● **Task to carry out**: From the material below, copy every line in which the word "Shoal" occurs.

=== Begin Enclosure ===

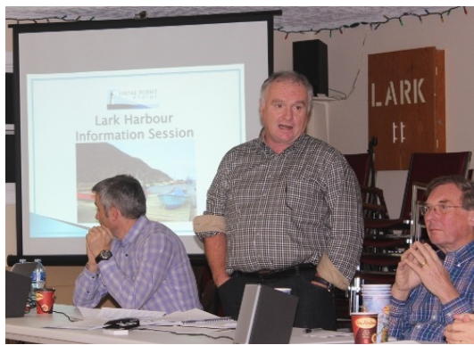
Some of the presenters at the meeting with Shoal Point Energy, the exploration company to be working here

ON WEDNESDAY 2012 NOVEMBER 14, several representatives of Shoal Point Energy along with others from various government departments involved with the oil and gas industry, visited Lark Harbour to present information about their plans for exploration of hydrocarbon-bearing rocks under the seabed along the west coast of Newfoundland. Known as the Green Point Shale formation, Lark Harbour roughly marks its midpoint. The company has licences to explore the formation which they believe is “a very large resource, with the potential to be the Hibernia of western Newfoundland.”
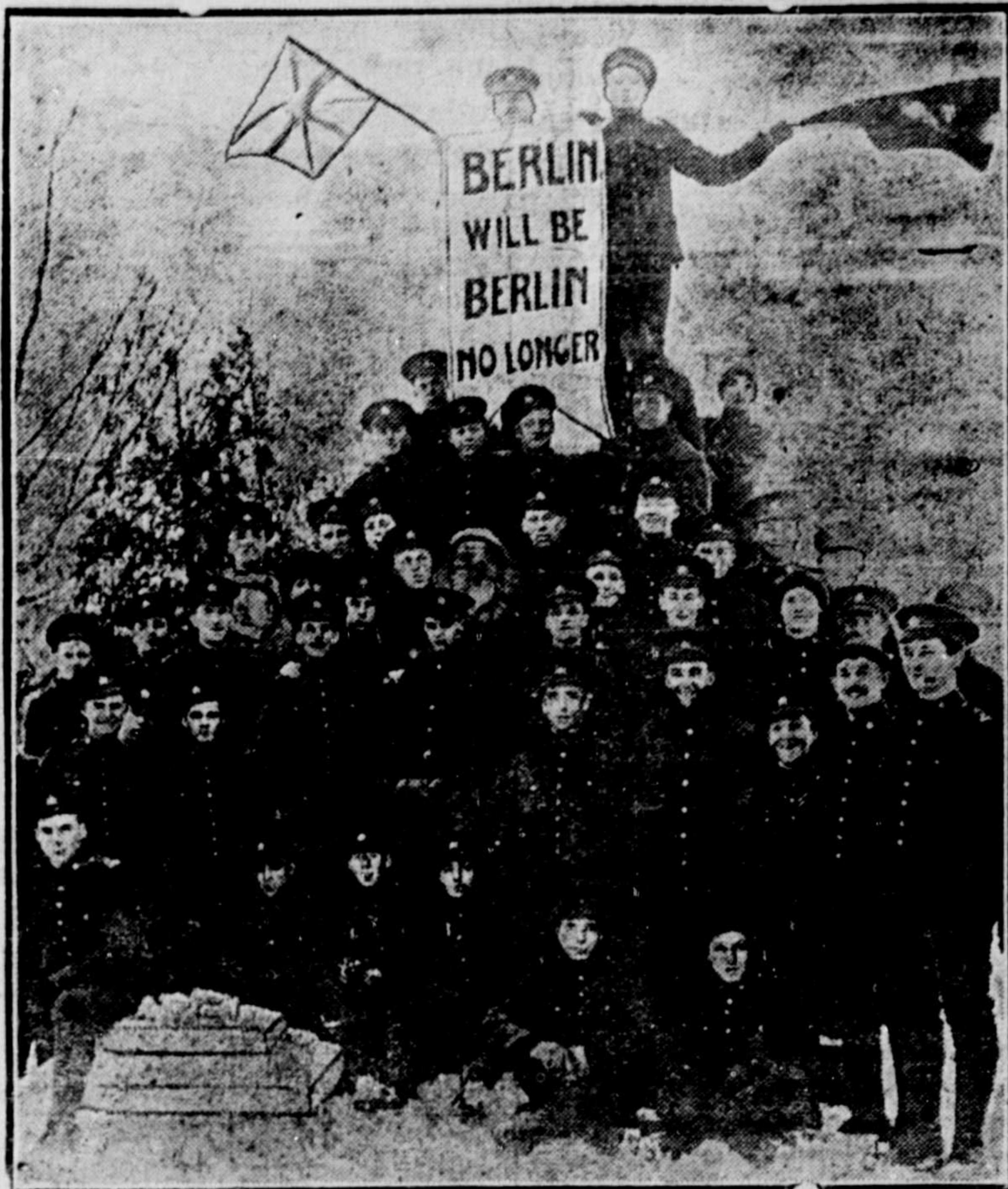
SOLDIERS CELEBRATING FALL OF BERLIN MONUMENT

Maritime Province Social in the Baptist Church tonight. Everybody welcome.
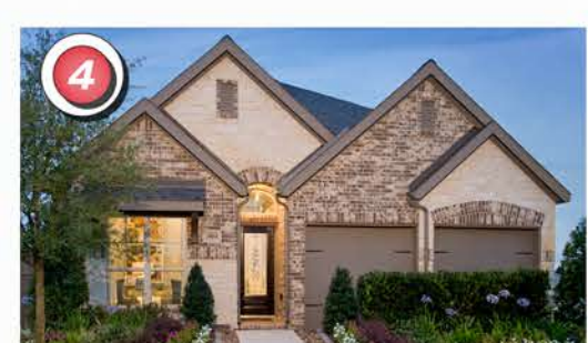
Perry Homes 50' Indigo Trails From the $280's 29111 Sage Meadow Trail (281) 232-7970 Lamar Consolidated ISD

=== End Enclosure ===

● **Exercise output**:
Some of the presenters at the meeting with Shoal Point Energy, the exploration company to be working here
ON WEDNESDAY 2012 NOVEMBER 14, several representatives of Shoal Point Energy along with others from various government departments involved with the oil and gas industry, visited Lark Harbour to present information about their plans for exploration of hydrocarbon-bearing rocks under the seabed along the west coast of Newfoundland. Known as the Green Point Shale formation, Lark Harbour roughly marks its midpoint. The company has licences to explore the formation which they believe is “a very large resource, with the potential to be the Hibernia of western Newfoundland.”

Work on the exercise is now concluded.